Analyzes sexual patterns and attitudes in contemporary American society. Topics include sex roles and models in contemporary society, male and female anatomy and physiology, sexual response, family planning and birth control, birth, and sexual dysfunction. Prerequisite: PSY 110
An exploration of some of the psychological issues relevant to women. Theories of female psychology and research findings will be considered, as will biological, social and cultural factors that affect females. Topics to be discussed may include female life span development; gender identity; gender differences in mental health and sexuality; sexism; and violence against women. This course is designed for both female and male students who are interested in learning about women's lives from a bio psychosocial perspective. Prerequisite: PSY 110
An exploration of what it means to "be a man" and what society expects of males. Current theories of male psychology and masculinity from multicultural, biological, and psychosocial perspectives will be considered. Topics include: gender identity and gender roles; how boys learn to become men; absent fathers and father-hunger; competition, success and work; violence and aggression; sexuality and homophobia; patriarchy, privilege and power; relationships and intimacy; family roles and fatherhood; physical and mental health issues. The course is designed for both men and women who are interested in learning about men, as well as men's roles in the family, at work, and in society. Prerequisite: PSY 110
Courtship, marriage, and other relationships among husband, wife, and children. Social, economic, and emotional problems in marriage and family life are analyzed.

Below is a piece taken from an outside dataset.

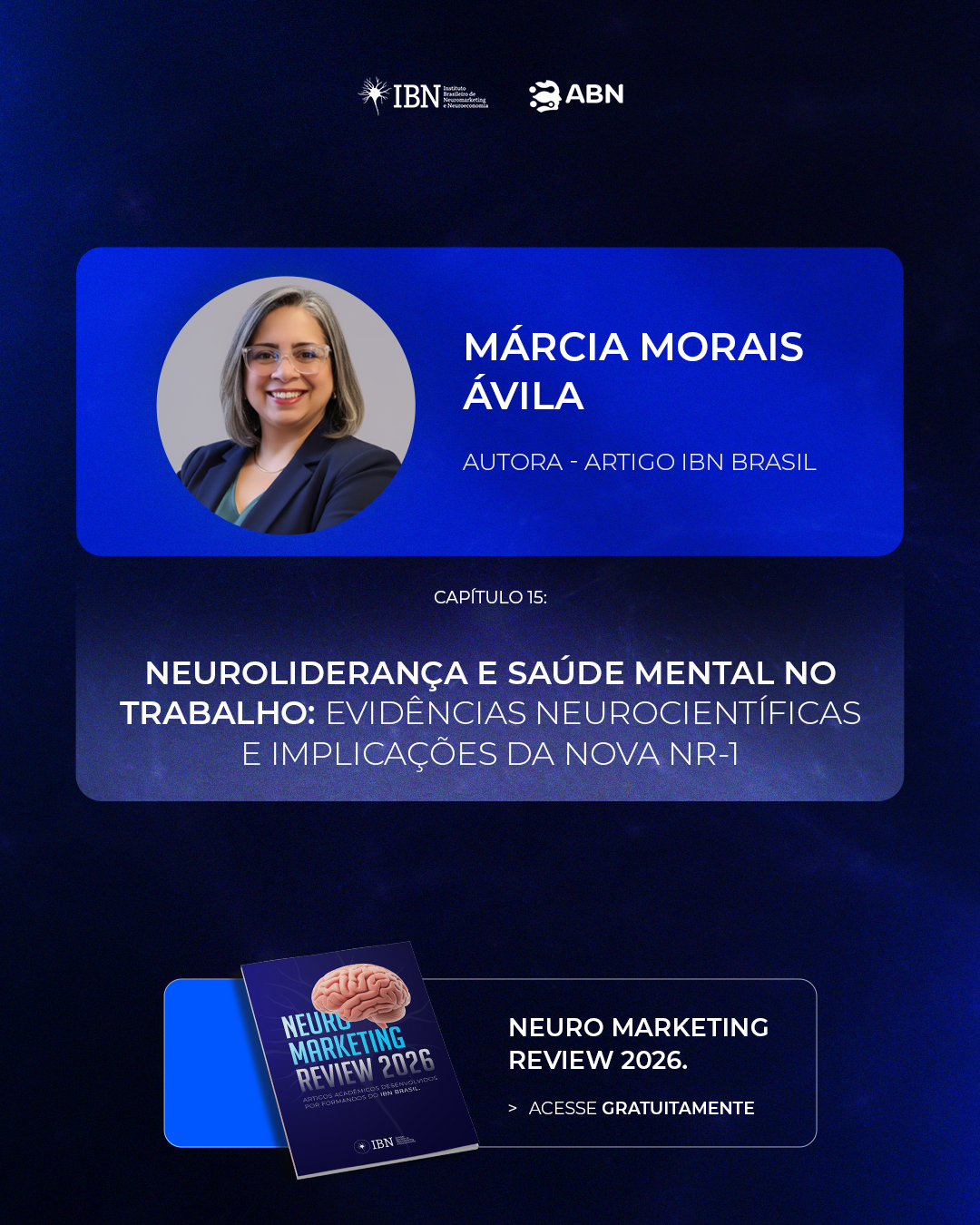 Participar da primeira edição da revista de Neuromarketing do IBN é, para mim, um marco muito especial na minha trajetória. Fui aluna, me formei no IBN e agora tenho a alegria de ver meu artigo publicado no Capítulo 15, tratando de um tema que considero urgente: neuroliderança, saúde mental no trabalho e as implicações da nova NR-1 para o ambiente corporativo.
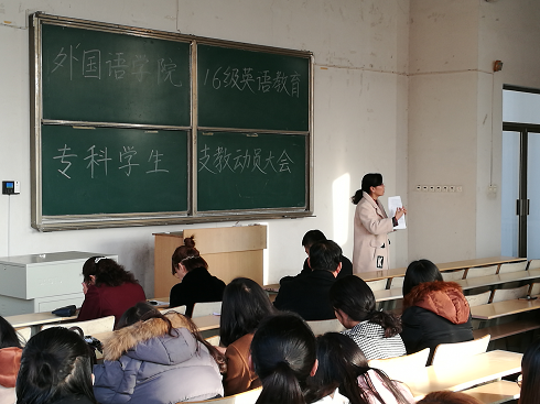 会议伊始,窦副院长开门见山,就支教出发前的准备工作做了详细介绍。其内容主要包括支教地点的地理环境状况、支教主题、支教时间、支教队情况以及支教车队接送等问题。随后,刘雪梅老师介绍了支教所需各种材料等,并要求支教学生书写支教班级活动策划,交流支教老师工作心得,将支教所在地周边教育现状进行调查采访并写出调查报告。刘老师倡导支教学生要记录下自己的支教生活,并将其拍成小视频。紧接着,孟院长就支教的分组情况进行了详细布置并做出重要讲话,她要求,外出支教学生必须注意自身安全,保证自己的每天的学习和工作质量。最后,马盛楠老师就此次大会作了总结,大会圆满结束。

Also surveyed are the social forces operating in mate selection and the social dynamics, structures, functions, and changes of marriage and the family.
A hands-on, experiential course designed to build self-esteem for women. Topics will include self-expression, assertiveness and communication skills, confidence-building, self-acceptance, and stress reduction. Activities will include art and writing projects, adventure learning, group discussions, and role-playing.
Introduces the student to the mental and physical skills needed to deal effectively with any potentially dangerous situations as well as with day to day conflicts.
A course in personal safety that introduces the basic components of conflict management and self defense strategies and skills. This co-ed course will include both theory and practice sessions.
* Only six non-Arts and Science credits may be taken towards an A.A. degree.
Depending on the course selection 50% of this program can be completed online.